Relations have continued very cordial on the whole, and appreciation and tolerance have been enhanced by U.S. military successes in the Far East and in Europe. The Americans here are praised for their help in air raids, their friendliness, and their “homely ways”. People again say that criticism comes largely from those who do not know any Americans personally; at the same time, there is considerable relief in areas from which U.S. troops have departed.

Comment otherwise has been about:

  1. Behaviour with women and girls (Nine Regions). Comment is on familiar lines, some blaming the girls, who are chiefly attracted, it is said, by the amount of money the men are willing to spend on them.

  2. U.S. pay, compared to British (Six Regions). The disparity continues to cause resentment.

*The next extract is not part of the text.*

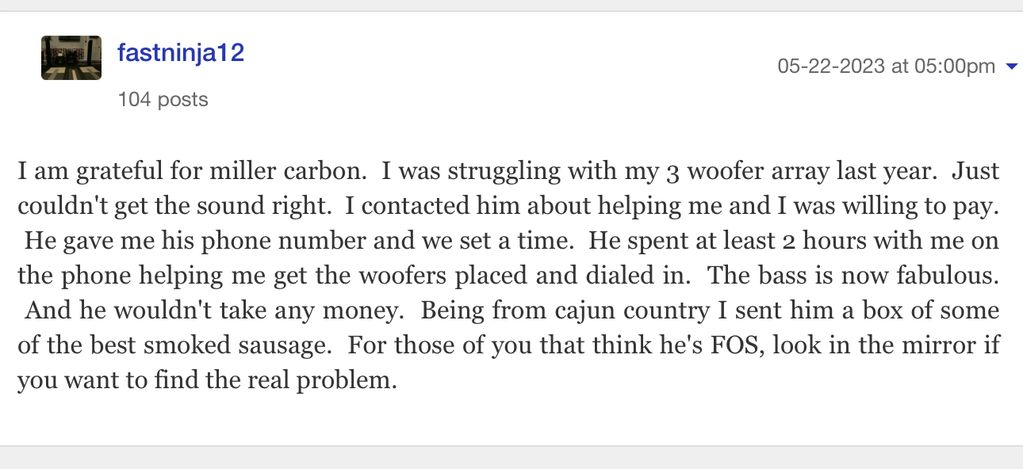 Thank you so much. Confirms and reinforces the Millercarbon company description provided for the show: your system comes first.

  3. Driving (Five Regions). Complaints are particularly about fast driving along narrow, winding country roads, and of blinding headlights. Some say road accidents in which U.S. vehicles are involved have increased recently.

  4. General behaviour (Five Regions). A small amount of criticism of boastfulness, drunkenness, and lack of discipline, and some comment about the number of Americans involved in recent murder cases.

  5. Coloured troops (Four Regions). There is praise for their quiet, considerate, well-mannered behaviour; though in the Southern Region there is some disapproval of the “gangster-type” of negro recently drafted into camps formerly occupied by well-behaved coloured troops.

  6. General conditions (Three Regions). There is a feeling that U.S. troops are better looked after over leisure, food and leave than our own men.

  7. Hospitality (Three Regions). Some feel more should be done to provide for the men's leisure time and to encourage families to offer hospitality.